Two reporter constructs were used to test the effect of miR-138 on gene promoters containing activator protein 1 (AP-1) sites. The first reporter construct was obtained from SABiosciences (Cignal AP1 reporter kit, a Dual-Luciferase assay kit), which is a luciferase construct containing a synthetic promoter with multiple AP-1 sites. The second reporter construct contains a 1155-bp fragment of the Snai2 promoter that contains a previously identified AP-1 site (18). The Snai2 promoter construct was a gift from Dr. Shuang Huang at the Department of Biochemistry and Molecular Biology, Georgia Health Sciences University. The reporter constructs and the pRL-TK vector (Promega) were co-transfected using Lipofectamine 2000 (Invitrogen). The Dual-Luciferase assays were then performed as described previously (13) using a GloMax 20/20 luminometer (Promega).
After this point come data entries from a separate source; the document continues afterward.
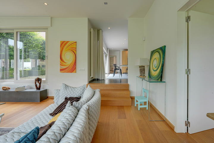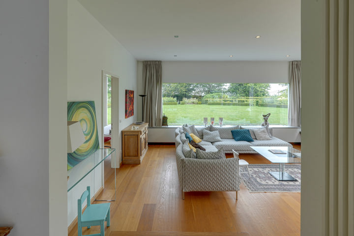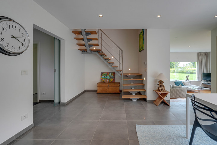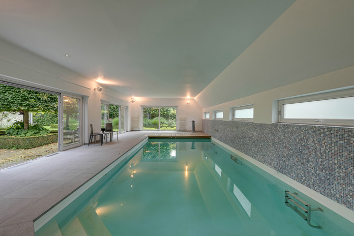 L’habitation se compose au rez-de-chaussée d’un vaste salon avec vue imprenable sur le jardin paysagé exposé ouest, d`une cuisine full-équipée avec ilot central, d`une salle à manger avec accès direct sur la terrasse exposée sud, d`un bureau, d`une piscine intérieure chauffée, d`une chambre avec salle-de-bains et d`un double garage.
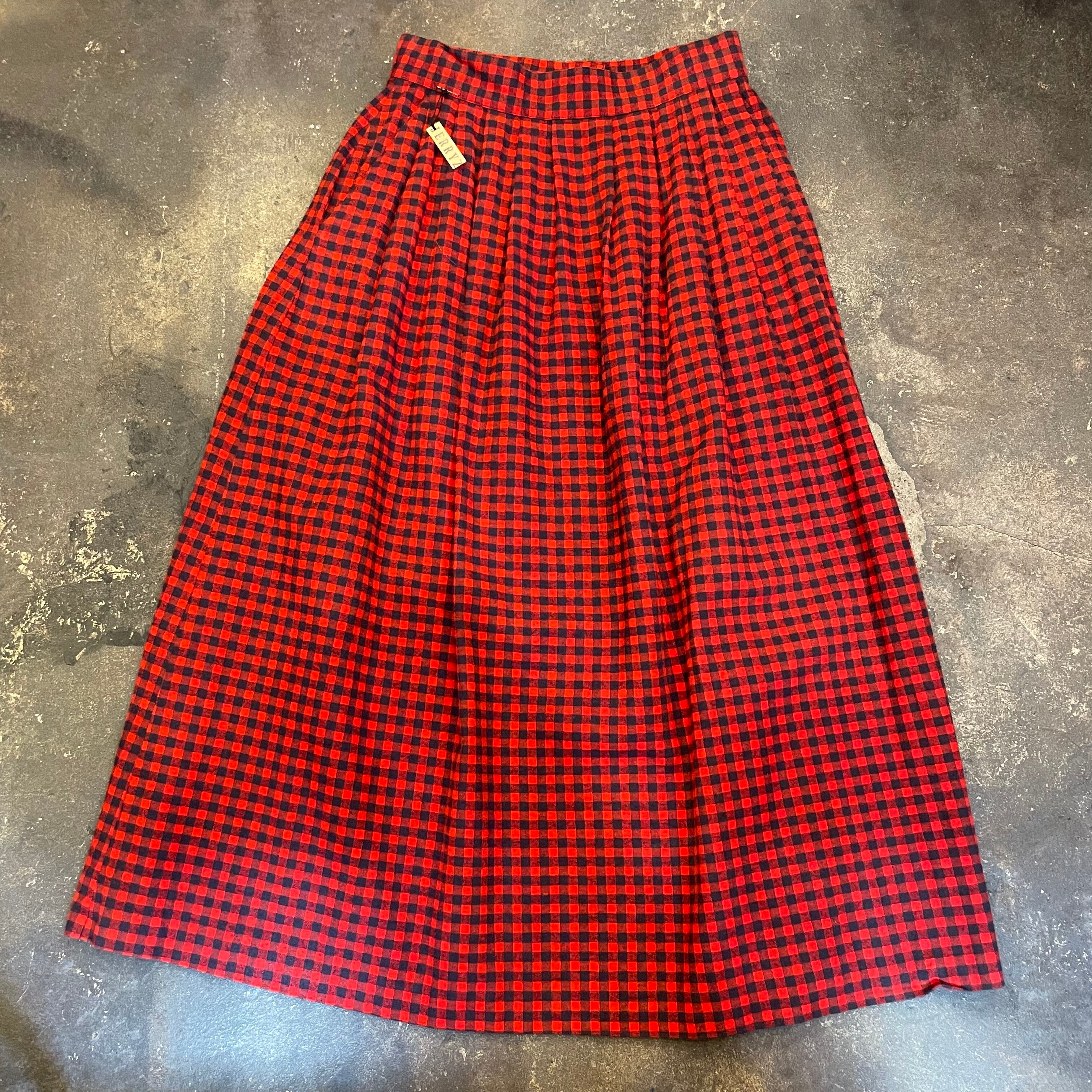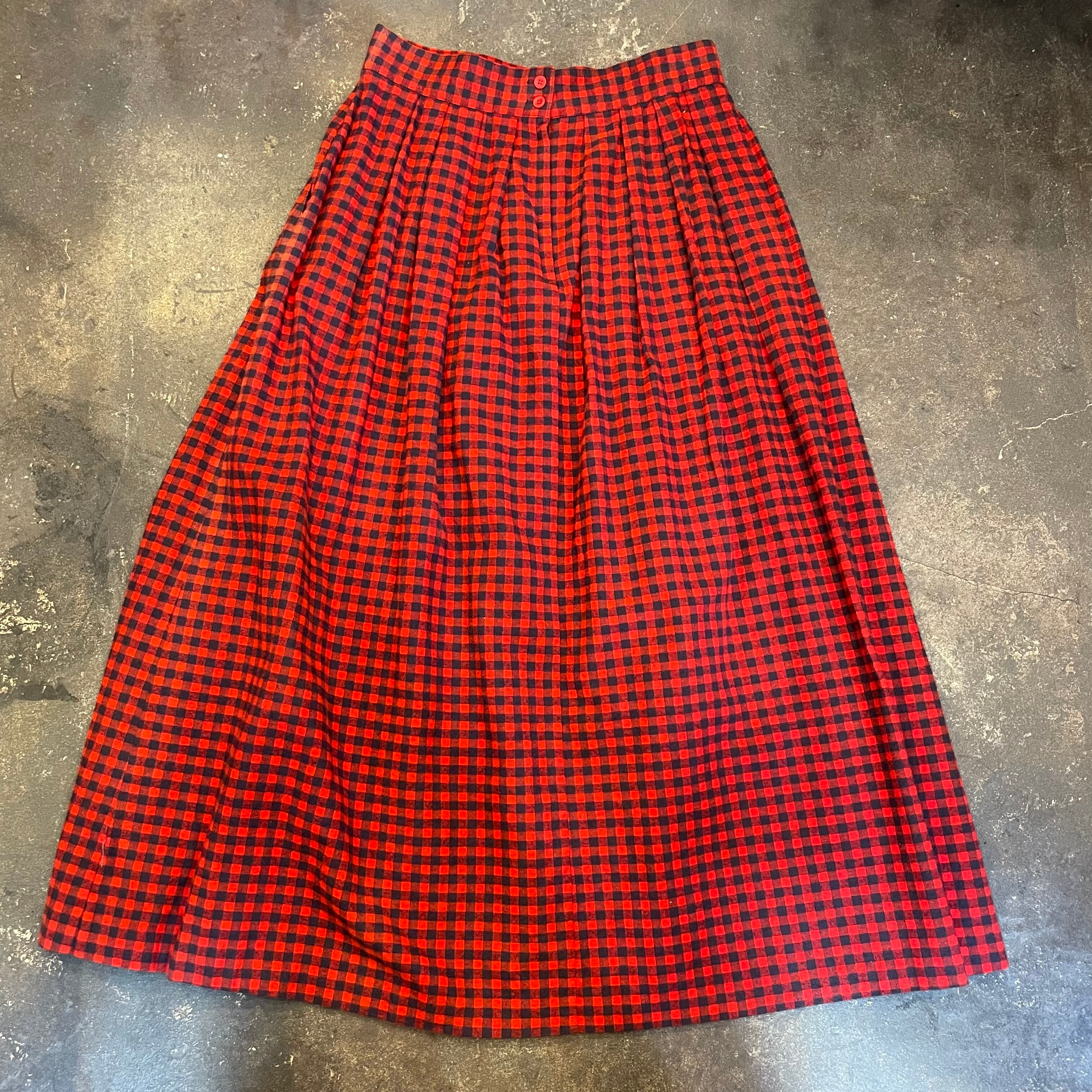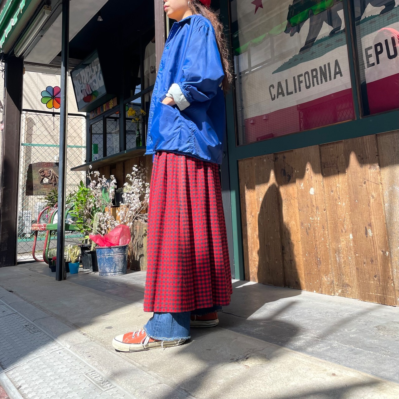 赤×黒のギンガムチェックがかわいいロングスカートです。
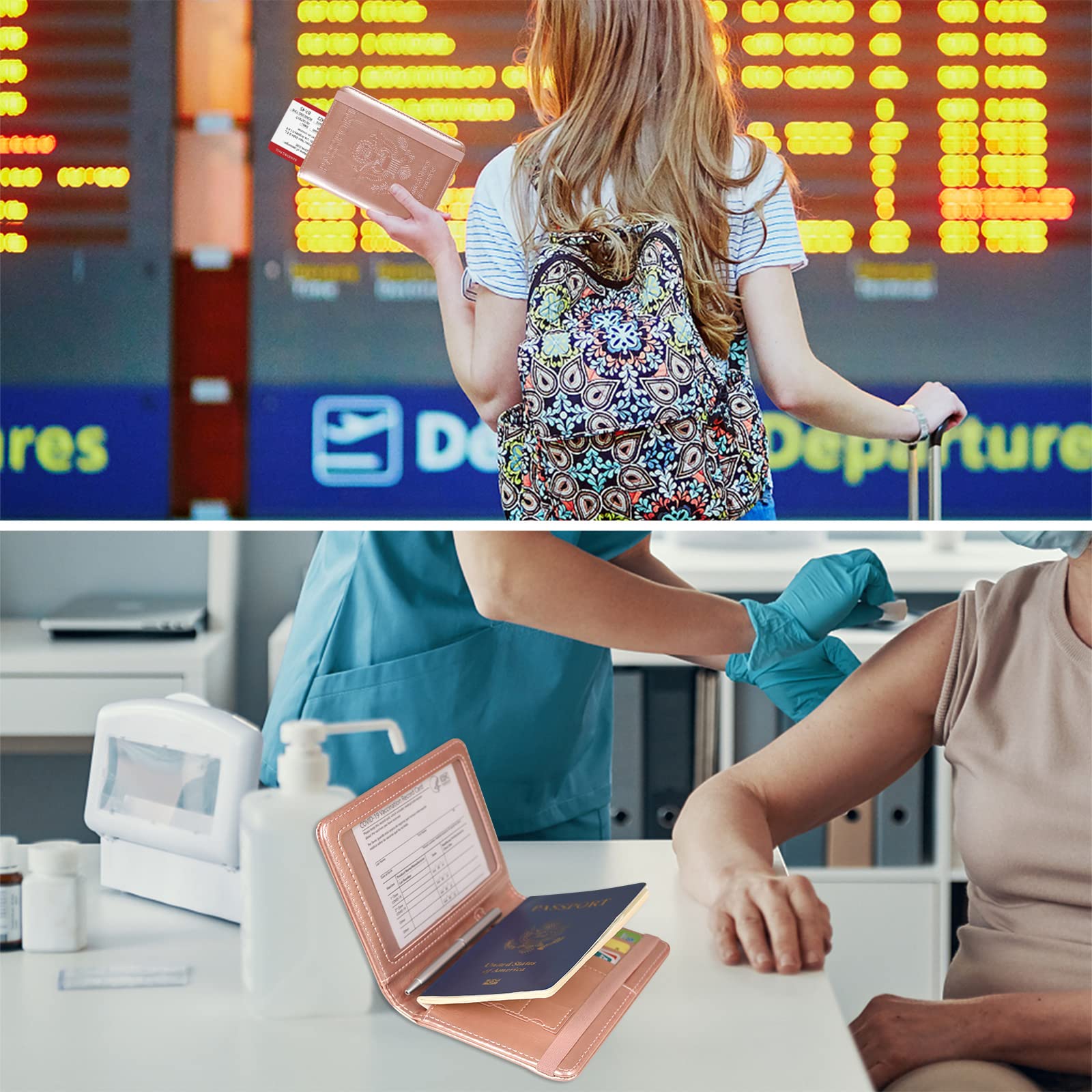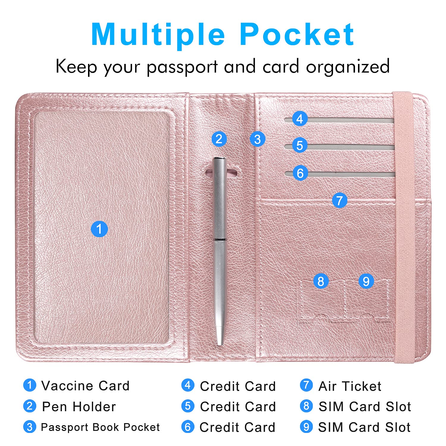 - PROTECT YOU FROM INFORMATION THEFT: Information theft through RFID chips is a growing issue. Our passport holder with vaccine card slot will protect you from this. this RFID passport holder is equipped with advanced RFID blocking technology. Our passport and vaccine card holder has a unique material engineered specifically to block 13.56 MHz or higher RFID signals and protect the valuable information stored on your passport and credit cards from unauthorized scans.
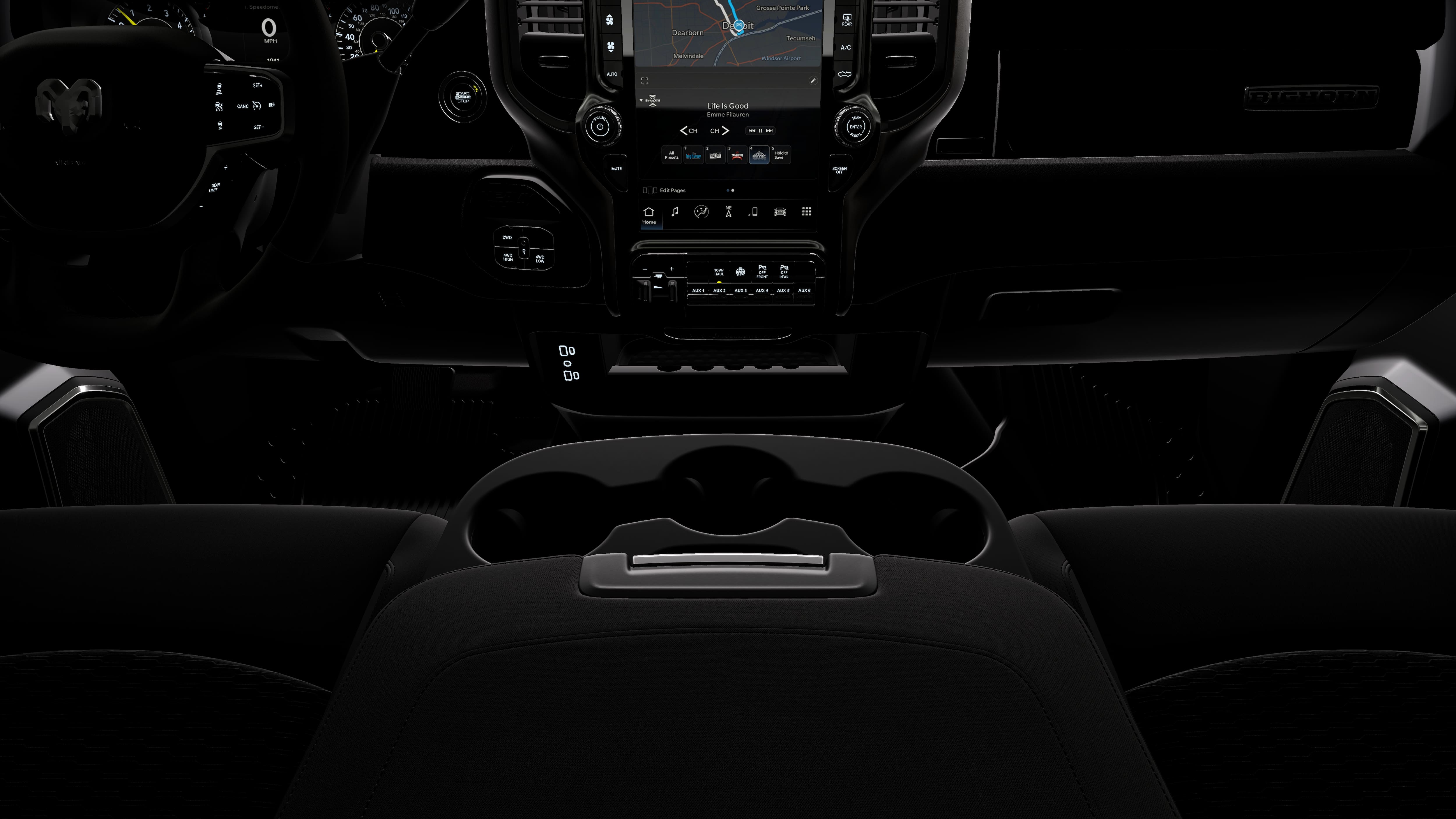 - Radio w/Seek-Scan, Clock, Speed Compensated Volume Control, Aux Audio Input Jack, Voice Activation, Radio Data System and Uconnect External Memory Control
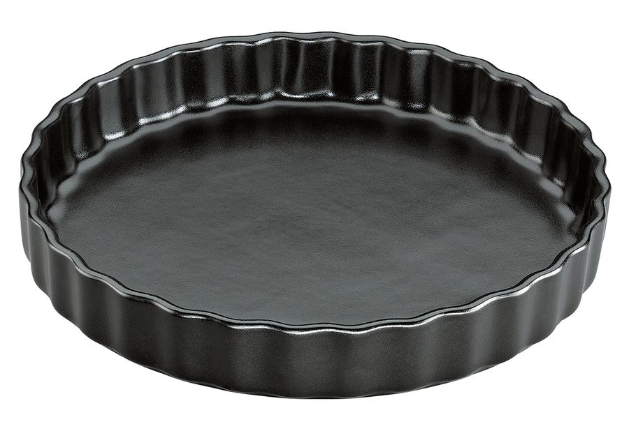 Keramik, 4 in 1: Garen, Servieren, Aufwärmen, Aufbewahren, temperaturwechselbeständig von -20°C bis 260°C, für Mikrowelle, Kühlschrank und Gefrierschrank geeignet·schwarz 1,37 kg, Ø 27,5 cm, H 4,2 cm·Fachhandel exklusiv·
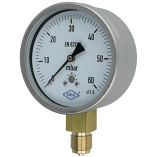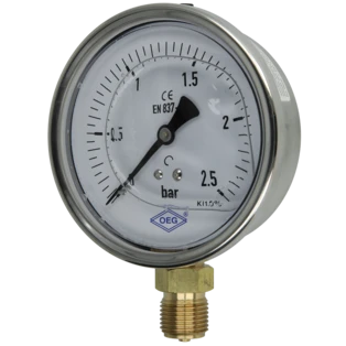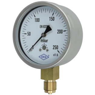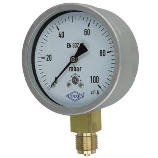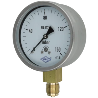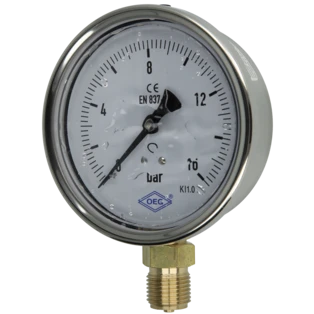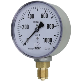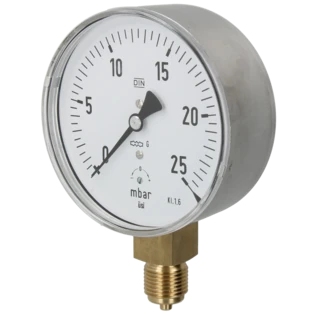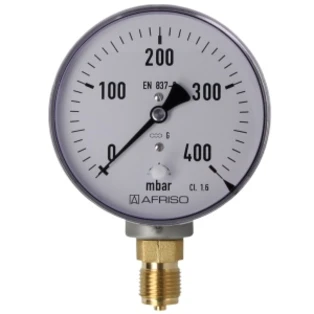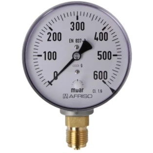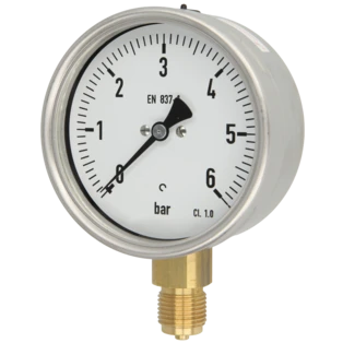 Pressure gauge for measuring the pressure in gases or liquids that do not attack the copper pipes. Bourdon-tube gauges are suitable for gaseous and liquid, non highly viscous and non-crystallising media, capsule-type pressure gauges for gaseous, dry media

Experiments were performed in quadruplicate.

The luciferase reporter gene construct containing the miR-138 targeting site from the 5′-UTR of FOSL1 (E1) was created by cloning a 40-bp fragment (positions 142–181, NM_005438, containing the miRNA-138 binding site E1) into the NcoI site on the 5′-UTR of the luciferase gene in the pGL3-Control firefly luciferase reporter vector (Promega). The luciferase reporter gene constructs containing miR-138 targeting sites from the CDs and 3′-UTR of FOSL1 were created by cloning a 71-bp fragment from the CDs (positions 713–783, NM_005438, containing the miRNA-138 binding sites E2, E3, and E4), and a 58-bp fragment from the 3′-UTR (positions 1389–1446, NM_005438, containing the miRNA-138 binding sites E5 and E6) of the FOSL1, respectively, into the XbaI site on the 3′-UTR of the luciferase gene in the pGL3-Control firefly luciferase reporter vector (Promega). The corresponding mutant constructs were created by replacing the seed regions (positions 2–8) of the miR-138 binding sites with 5′-TTTTTTT-3′. All constructs were verified by sequencing. The reporter constructs and the pRL-TK vector (Promega) were co-transfected using Lipofectamine 2000 (Invitrogen). The luciferase activities were then determined as described previously (13) using a GloMax 20/20 luminometer (Promega). Experiments were performed in quadruplicate.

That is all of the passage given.